I have used Macbook M1 with local ISP(Internet Service Provider) to download and extract the index. It took around 7 minutes to download a single file and 2 minutes to extract the data. To process 300 index files, it takes ~2 days.

Let's see how we can speed it up.

Improving Performance

Faster Downloads

My Wi-Fi speed is ~4MBps when downloading the index file. To download faster, I have created t2.micro(free-tier) EC2 instance on AWS. In this machine, download speed is ~10MBps. We can use other instances, but I am trying to use only free resources. In this machine, single file download is taking ~3 minutes.

CC dataset is hosted in us-east-1 region. So, I have created a new t2.micro instance in us-east-1 region. This instance is taking <20 seconds to download a single file. We can download entire index in less than 2 hours.

Faster Performance

To extract data from index files, we have used Python pandas without specifying the engine. By default, it uses pyarrow which is a bit slow. To improve speed we can use fastparquet as engine which is ~5x faster than pyarrow.

import pandas as pd

filename = 'part-00000-26160df0-1827-4787-a515-95ecaa2c9688.c000.gz.parquet'
df = pd.read_parquet(filename, engine='fastparquet')

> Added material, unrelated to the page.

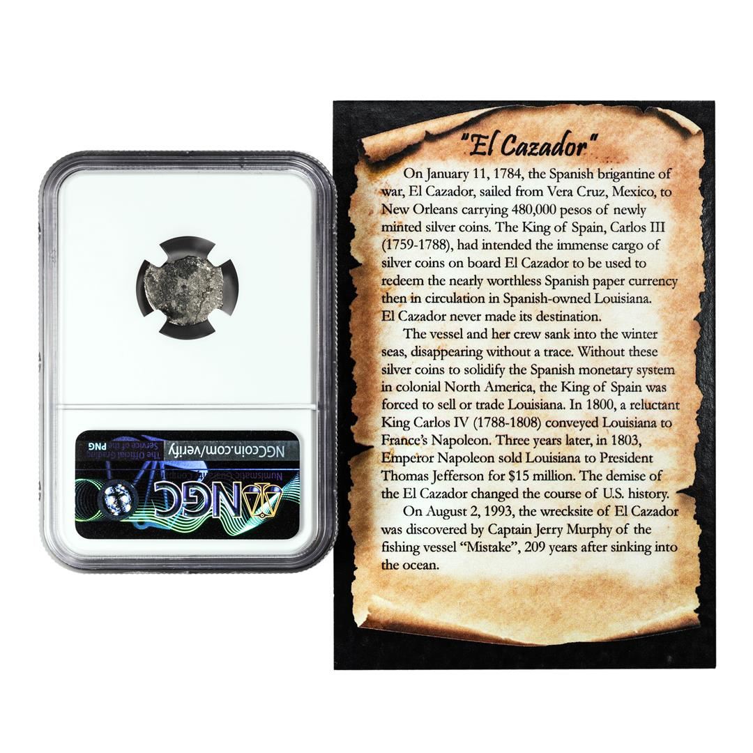 One El Cazador Shipwreck (1772-83) Mexico 1/2 Real Silver Coin NGC Genuine w/ Story Card. NGC Certified.
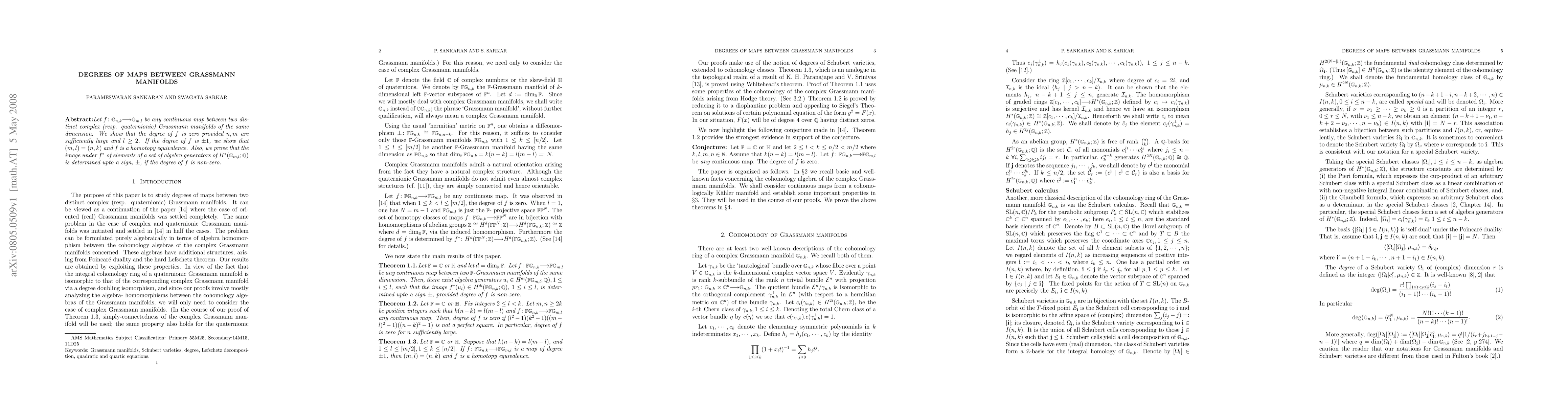 Let $f:G_{n,k}\longrightarrow G_{m,l}$ be any continuous map between any two distinct complex Grassmann manifolds of the same dimension where the target is not the complex projective space. We show that, for any given $k,l$, the degree of $f$ is zero provided that $m,n$ are sufficiently large. If the degree of $f$ is $\pm 1$, we show that $(m,l)=(n,k)$ and $f$ is a homotopy equivalence. Also, we prove that the image under $f^*$ of elements of a set of algebra generators of $H^*(G_{m,l};\mathbb{Q})$ is determined upto a sign, $\pm$, if the degree of $f$ is non-zero. Our proofs cover the case of quaternionic Grassmann manifolds as well.

To get better performance, we can use duckdb. Duckdb is an in-process SQL OLAP DBMS and it can execute SQL queries directly on parquet files with parquet extension.

$ brew install duckdb

$ duckdb -c 'INSTALL parquet;'

We can write a simple SQL query to filter out the required rows.

$ duckdb -c """
LOAD parquet;
COPY (select * from PARQUET_SCAN('part-00000-26160df0-1827-4787-a515-95ecaa2c9688.c000.gz.parquet') where content_languages ilike '%tel%') TO 'telugu.csv' (DELIMITER ',', HEADER TRUE);
"""

Duckdb can execute SQL queries on remote files as well with httpfs extension.

$ duckdb -c 'INSTALL httpfs;'

$ duckdb -c """
    LOAD httpfs;
    LOAD parquet;

    COPY (select * from PARQUET_SCAN('s3://commoncrawl/cc-index/table/cc-main/warc/crawl=CC-MAIN-2022-40/subset=warc/part-00001-26160df0-1827-4787-a515-95ecaa2c9688.c000.gz.parquet') where content_languages ilike '%tel%') TO 'telugu.csv' (DELIMITER ',', HEADER TRUE);"""
"""

Duckdb can also read series of parquet files and treat them as a single table. We can use this feature to process all the index files in a single command.

$ duckdb -c """
    LOAD httpfs;
    LOAD parquet;

    SET s3_region='us-east-1';
    SET s3_access_key_id='s3_secret_access_key';
    SET s3_secret_access_key='s3_secret_access_key';

    COPY (select * from PARQUET_SCAN('s3://commoncrawl/cc-index/table/cc-main/warc/crawl=CC-MAIN-2022-40/subset=warc/*.parquet') where content_languages ilike '%tel%') TO 'telugu.csv' (DELIMITER ',', HEADER TRUE);
"""

Depending on the file size, duckdb takes 10-15 seconds to process a single file. Since we don't need all the columns for further data processing, we can limit columns to required 5 columns.

$ duckdb -c """
    COPY (select url, content_languages, warc_filename, warc_record_offset, warc_record_length from PARQUET_SCAN('s3://commoncrawl/cc-index/table/cc-main/warc/crawl=CC-MAIN-2022-40/subset=warc/*.parquet') where content_languages ilike '%tel%') TO 'telugu.csv' (DELIMITER ',', HEADER TRUE);
"""

By limiting columns³ there is another 65% improvement in performance. Now duckdb can process a file in 3 to 8 seconds depending on the size of the file. We can process entire index in ~20 minutes.

Conclusion

With a single command, we can extract a subset of index from CC in ~2 hours. So far we have processed all files in a single process. We can also parallelize the process using parallel to get faster results.

In the upcoming posts, let's see how we can fetch the data from WARC files using this index and do further data processing.